YOUR GOAL -
Could you give back exactly the lines below from the one with "During work on" through the one with "- Check harness", without a single picture?

RECORD EXCERPTS -
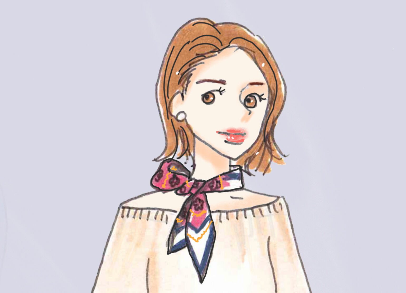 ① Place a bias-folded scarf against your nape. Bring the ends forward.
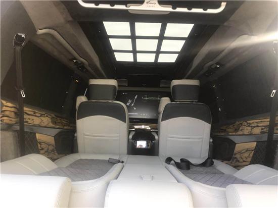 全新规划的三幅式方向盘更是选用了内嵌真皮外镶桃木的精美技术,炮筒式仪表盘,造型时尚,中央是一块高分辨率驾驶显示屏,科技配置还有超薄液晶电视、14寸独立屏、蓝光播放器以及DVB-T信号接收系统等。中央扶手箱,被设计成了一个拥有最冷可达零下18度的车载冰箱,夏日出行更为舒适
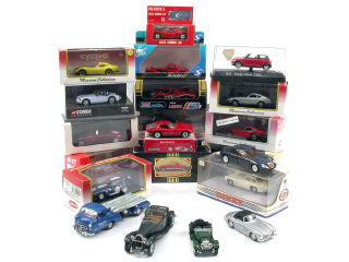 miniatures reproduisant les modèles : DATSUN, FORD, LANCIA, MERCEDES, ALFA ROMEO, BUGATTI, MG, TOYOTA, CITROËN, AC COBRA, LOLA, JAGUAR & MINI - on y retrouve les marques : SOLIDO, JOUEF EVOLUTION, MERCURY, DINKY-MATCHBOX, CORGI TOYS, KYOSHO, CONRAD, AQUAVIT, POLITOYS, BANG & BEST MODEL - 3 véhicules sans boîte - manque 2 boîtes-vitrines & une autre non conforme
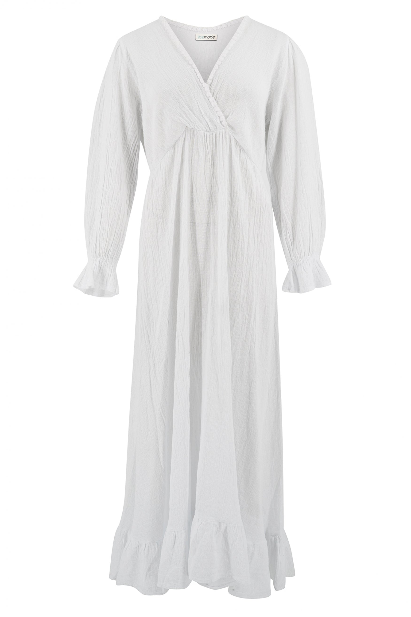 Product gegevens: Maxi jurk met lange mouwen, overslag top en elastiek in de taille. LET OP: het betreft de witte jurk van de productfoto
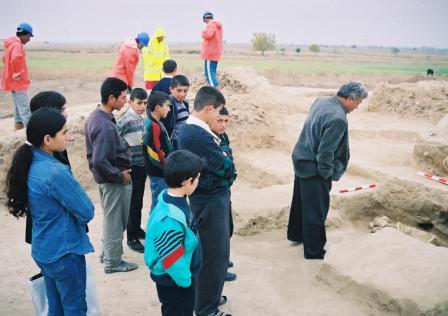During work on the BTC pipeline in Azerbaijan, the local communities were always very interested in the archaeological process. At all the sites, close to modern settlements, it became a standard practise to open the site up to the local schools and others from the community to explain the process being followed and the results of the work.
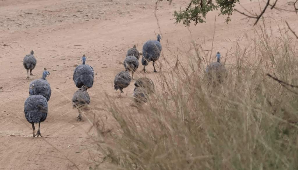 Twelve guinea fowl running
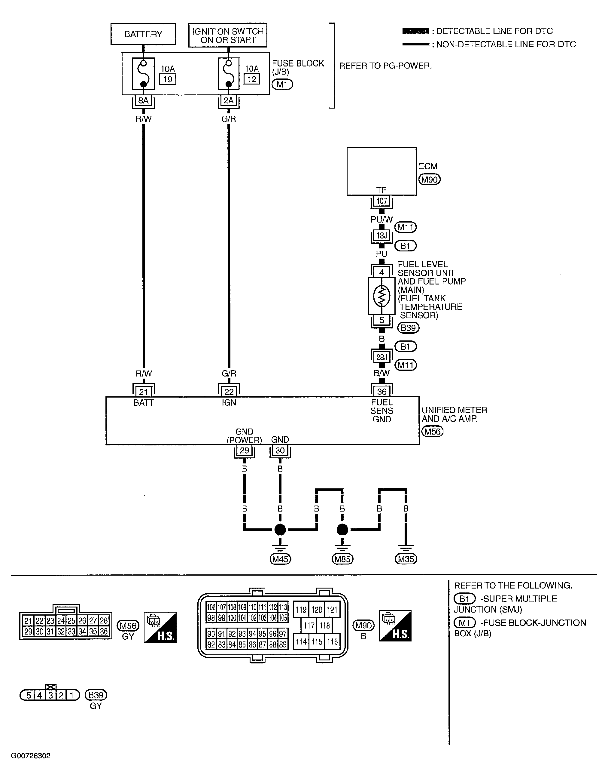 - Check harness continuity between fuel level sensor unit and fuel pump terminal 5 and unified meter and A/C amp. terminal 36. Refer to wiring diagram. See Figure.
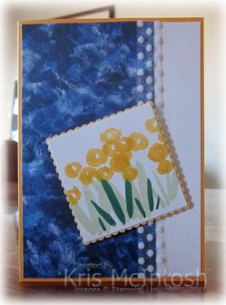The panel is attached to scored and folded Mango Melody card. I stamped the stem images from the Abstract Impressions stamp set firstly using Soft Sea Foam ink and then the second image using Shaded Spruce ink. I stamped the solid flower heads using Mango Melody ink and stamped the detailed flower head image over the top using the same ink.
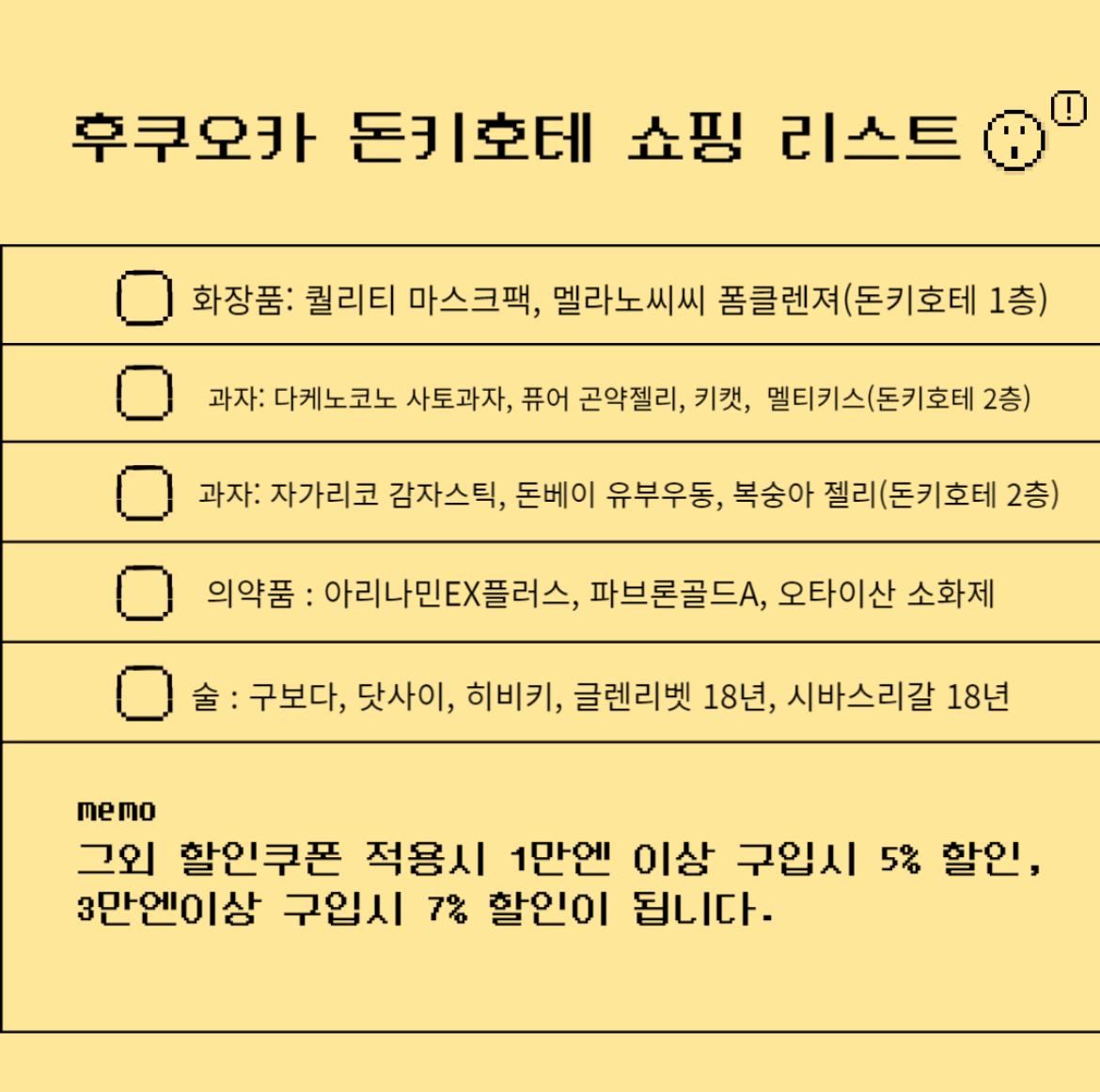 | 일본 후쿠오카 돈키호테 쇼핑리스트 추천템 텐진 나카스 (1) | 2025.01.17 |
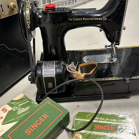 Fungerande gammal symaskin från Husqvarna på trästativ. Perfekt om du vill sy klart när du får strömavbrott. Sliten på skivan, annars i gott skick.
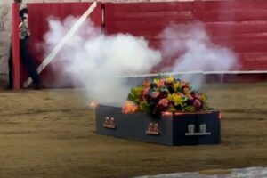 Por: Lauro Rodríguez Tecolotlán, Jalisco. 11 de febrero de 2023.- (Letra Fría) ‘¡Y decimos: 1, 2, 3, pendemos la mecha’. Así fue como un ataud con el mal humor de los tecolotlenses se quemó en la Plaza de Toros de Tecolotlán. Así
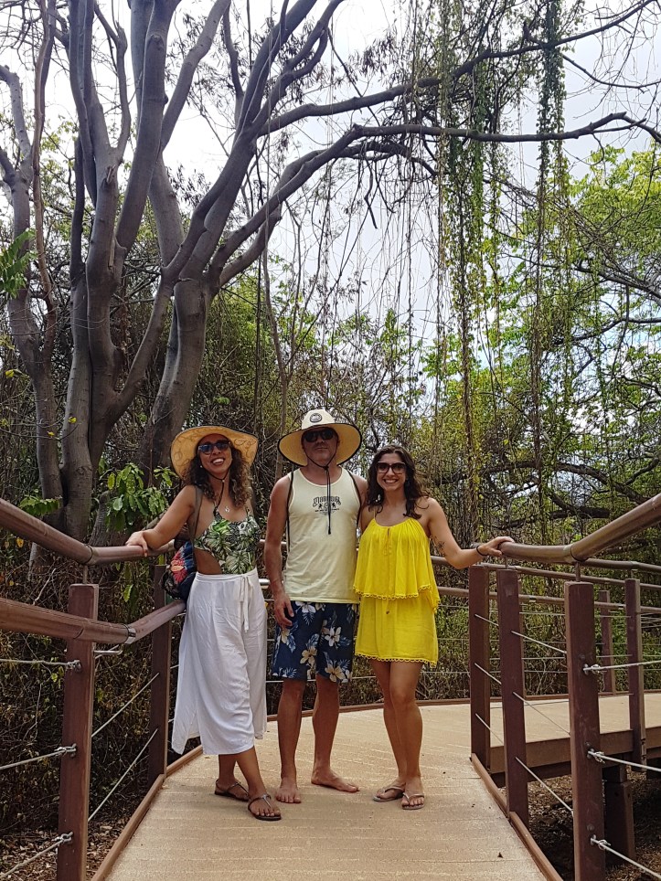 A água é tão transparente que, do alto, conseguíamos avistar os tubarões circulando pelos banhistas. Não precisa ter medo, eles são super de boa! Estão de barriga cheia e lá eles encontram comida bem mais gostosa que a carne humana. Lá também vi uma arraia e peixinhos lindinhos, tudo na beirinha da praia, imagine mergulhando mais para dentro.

RESPONSE TO THE EXERCISE -
During work on the BTC pipeline in Azerbaijan, the local communities were always very interested in the archaeological process. At all the sites, close to modern settlements, it became a standard practise to open the site up to the local schools and others from the community to explain the process being followed and the results of the work.
 Twelve guinea fowl running
 - Check harness continuity between fuel level sensor unit and fuel pump terminal 5 and unified meter and A/C amp. terminal 36. Refer to wiring diagram. See Figure.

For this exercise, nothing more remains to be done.